> [WORK TO COMPLETE]:
All of the data should be copied exactly, with the pictures left out.

::: DATA FOR REVIEW

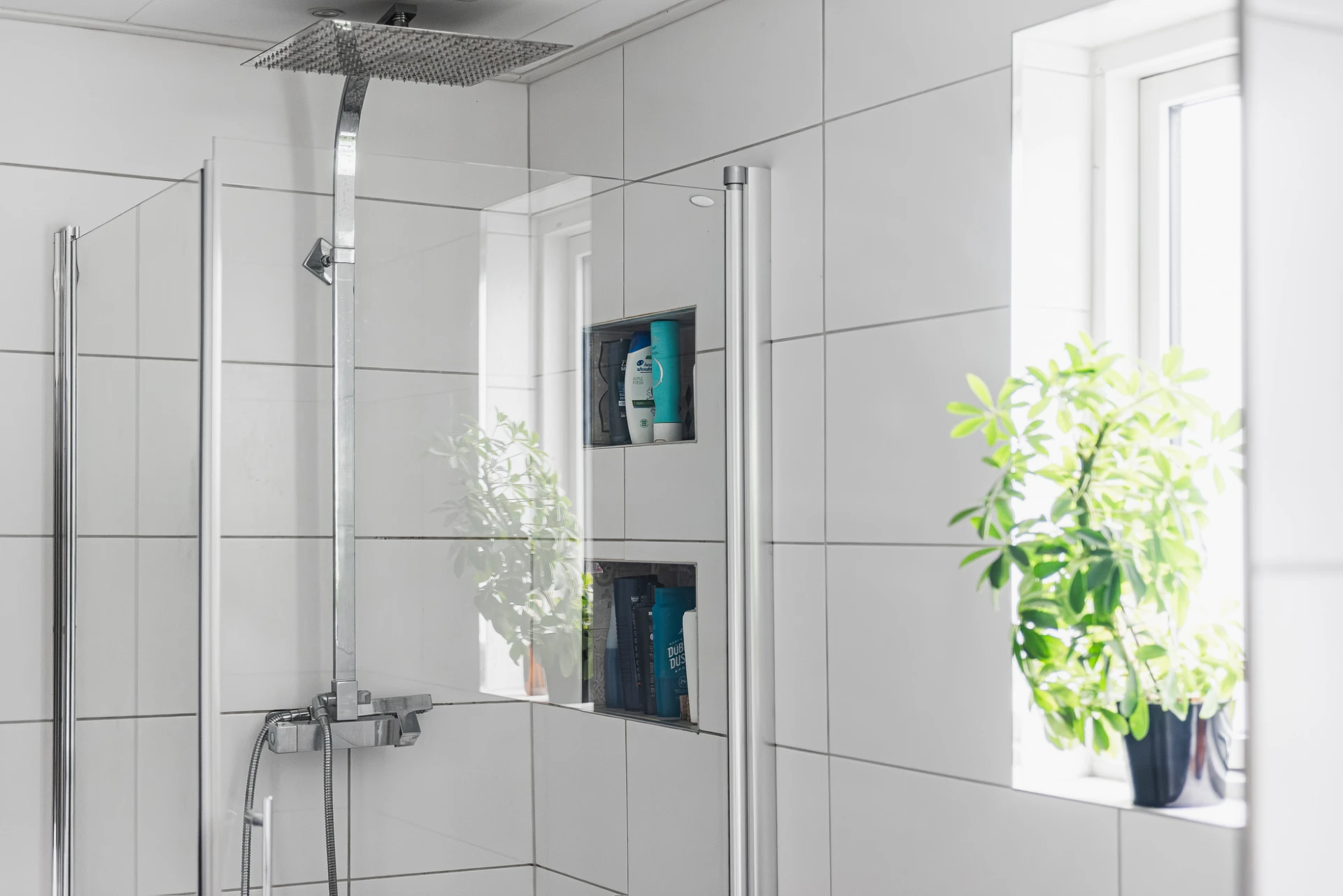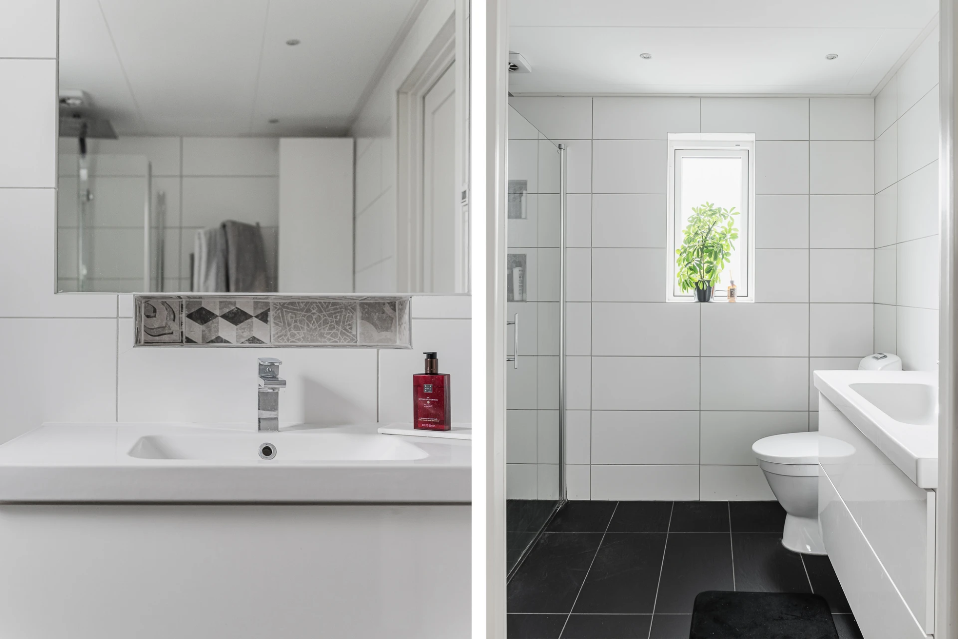 Mörkgrå klinker och vitt kakel. Badrummet är utrustat med WC, dusch, handfat med kommod, spegelskåp och handdukstork.
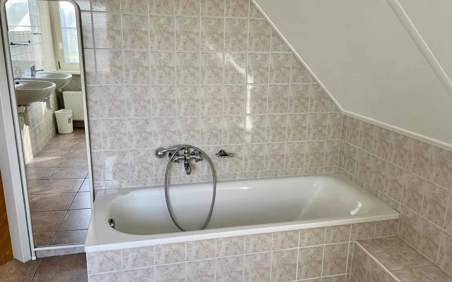 Im Obergeschoss finden Sie drei Schlafzimmer mit jeweils zwei Einzelbetten und ein Badezimmer mit Dusche, (einige mit Badewanne) und Toilette. Alle Betten sind Boxspringbetten.
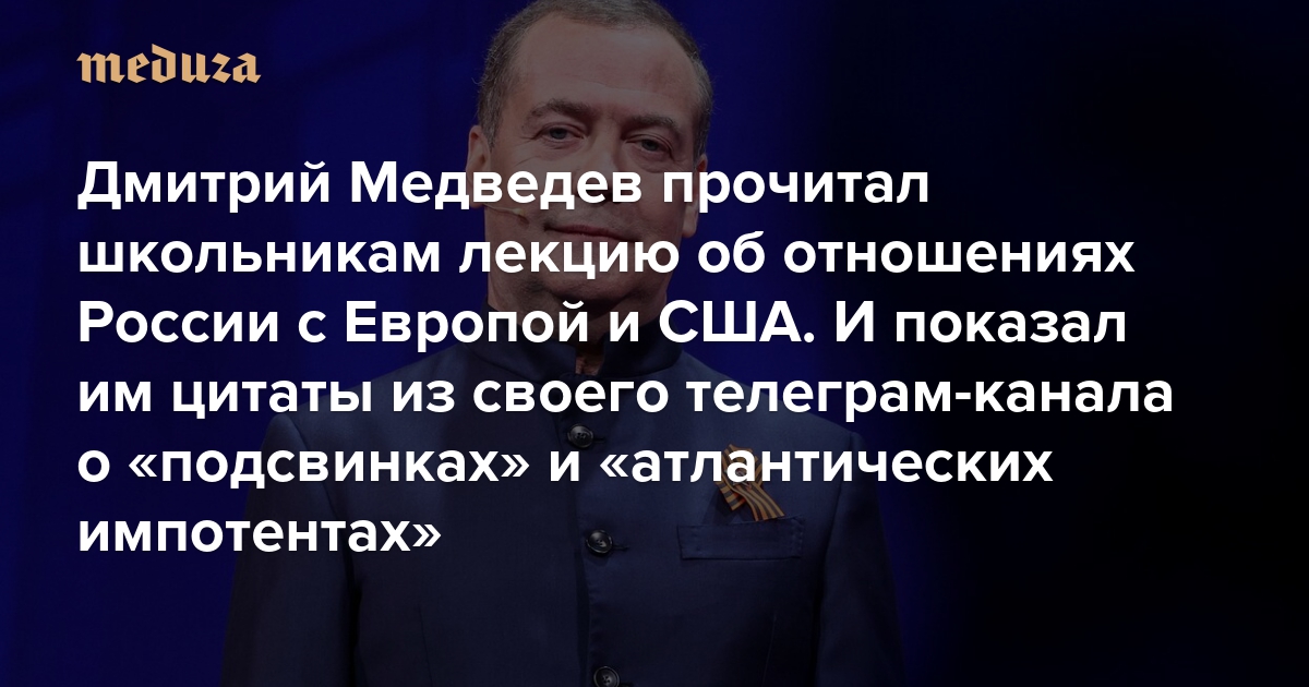 Дмитрий Медведев прочитал школьникам лекцию об отношениях России с Европой и США И показал им цитаты из своего телеграм-канала о «подсвинках» и «атлантических импотентах»
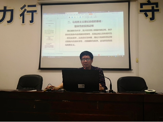 2019年6月11日下午14:00,william马克思主义学院党委中心组(扩大)在云塘校区文科楼C202举行了《马克思主义理论自信》专题党课学习。学院领导班子、全体教师、研究生代表参加了此次专题学习。此次专题党课由蒋显荣副教授主讲,学院党委书记易显飞教授主持。
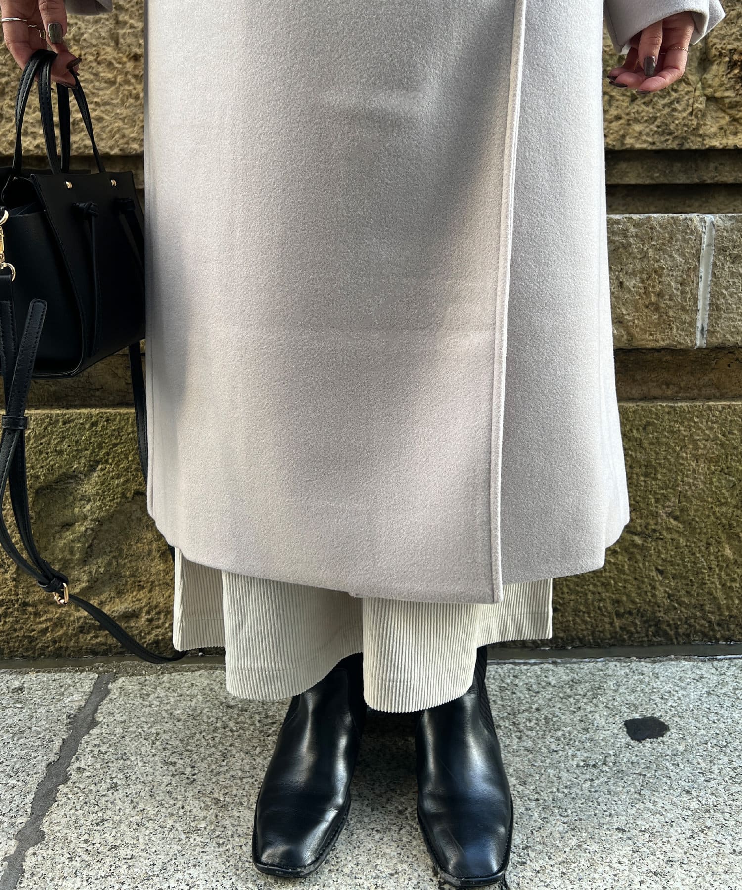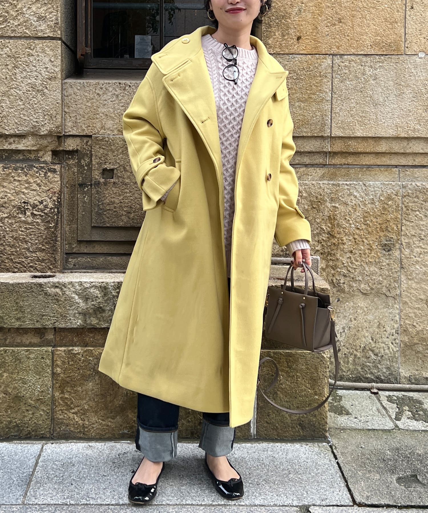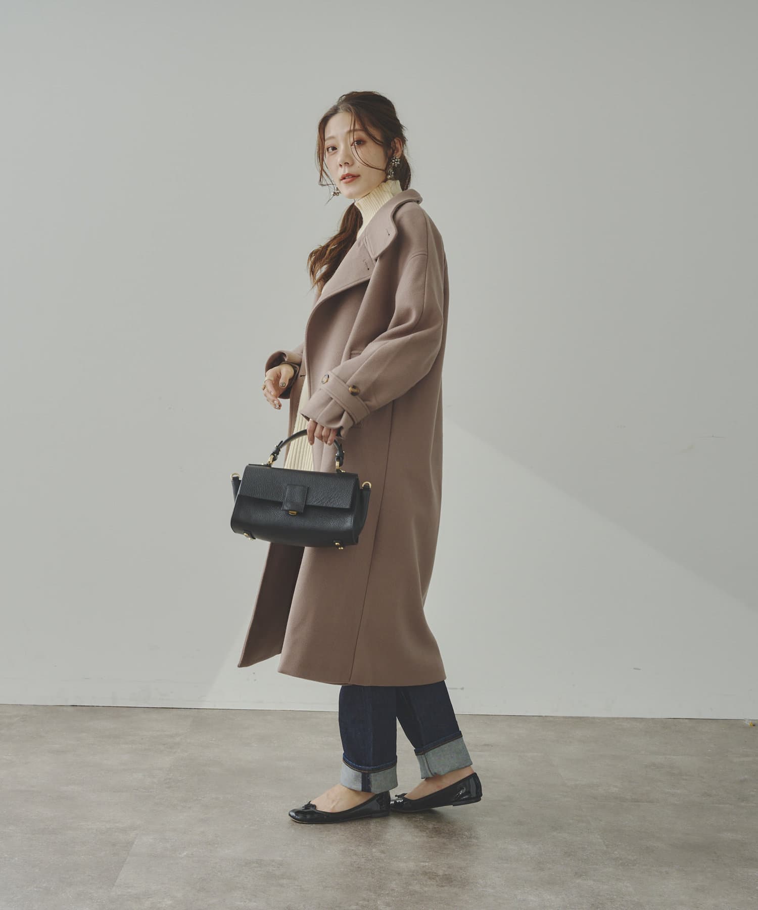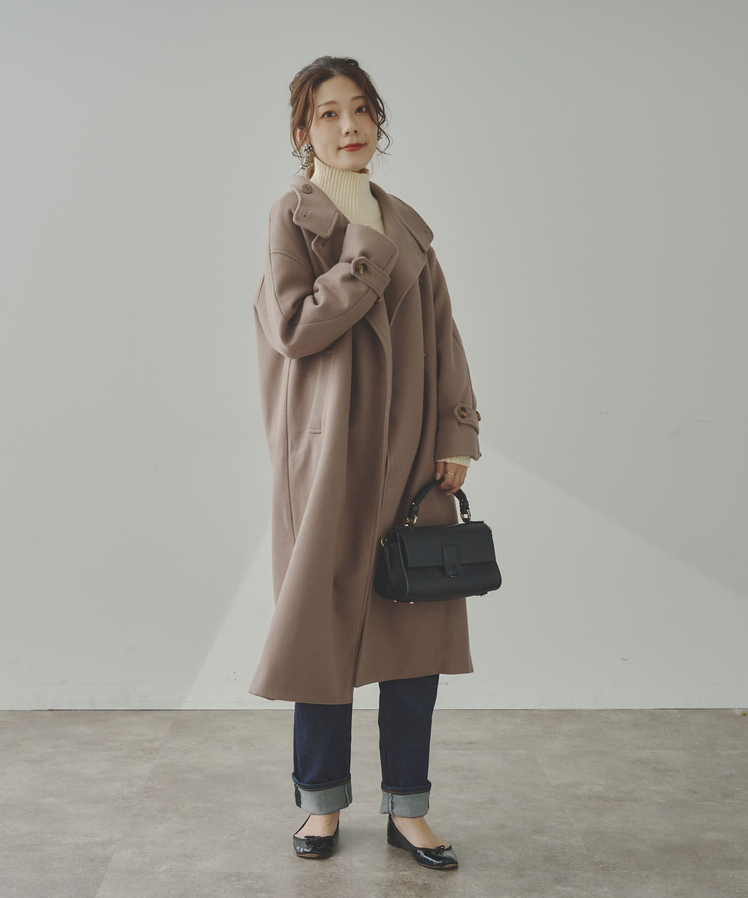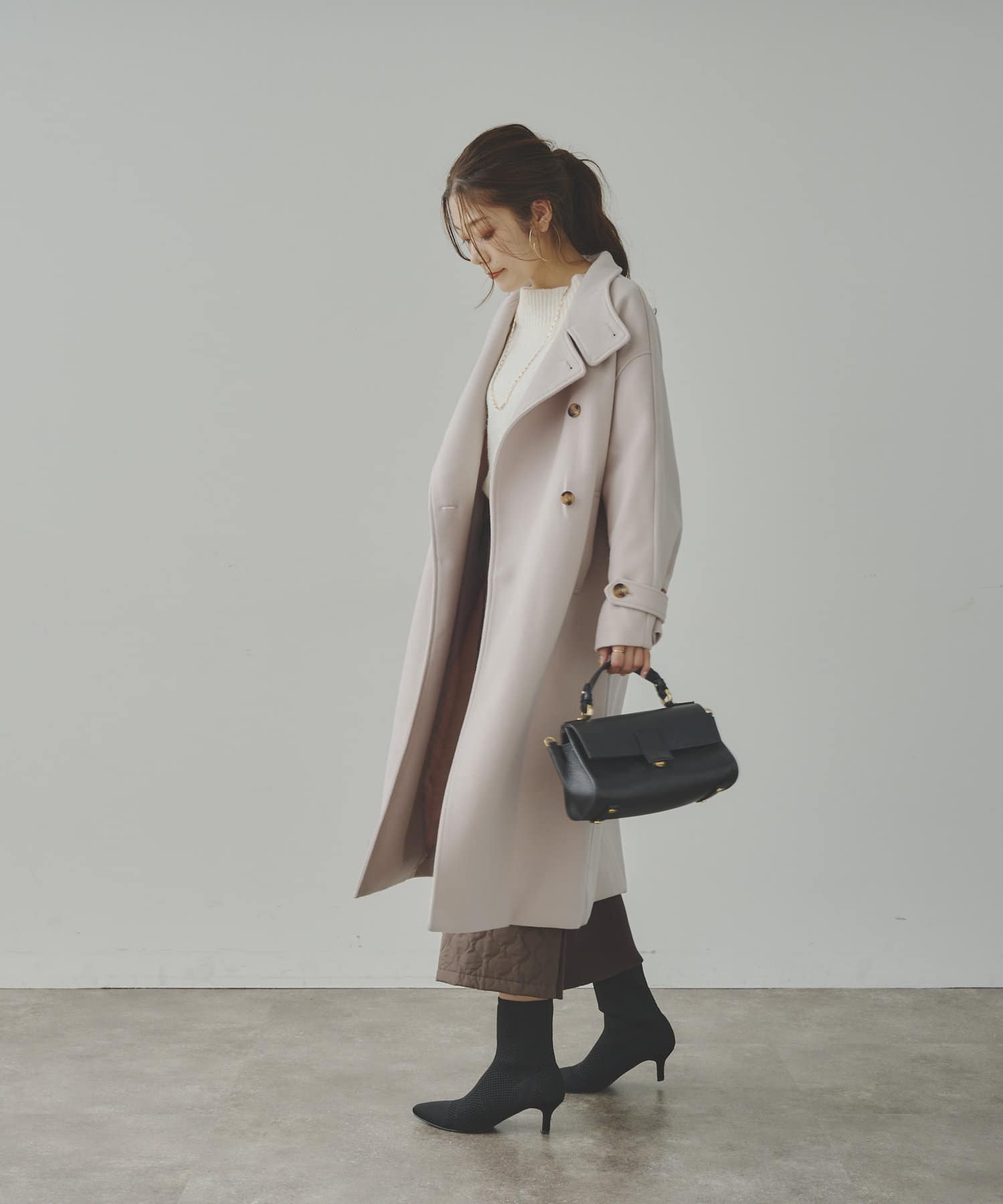 ベーシックなロングコートなので、どんなコーディネートにもマッチします。

::::::

> [REPLY]:
 Mörkgrå klinker och vitt kakel. Badrummet är utrustat med WC, dusch, handfat med kommod, spegelskåp och handdukstork.
 Im Obergeschoss finden Sie drei Schlafzimmer mit jeweils zwei Einzelbetten und ein Badezimmer mit Dusche, (einige mit Badewanne) und Toilette. Alle Betten sind Boxspringbetten.
 Дмитрий Медведев прочитал школьникам лекцию об отношениях России с Европой и США И показал им цитаты из своего телеграм-канала о «подсвинках» и «атлантических импотентах»
 2019年6月11日下午14:00,william马克思主义学院党委中心组(扩大)在云塘校区文科楼C202举行了《马克思主义理论自信》专题党课学习。学院领导班子、全体教师、研究生代表参加了此次专题学习。此次专题党课由蒋显荣副教授主讲,学院党委书记易显飞教授主持。
 ベーシックなロングコートなので、どんなコーディネートにもマッチします。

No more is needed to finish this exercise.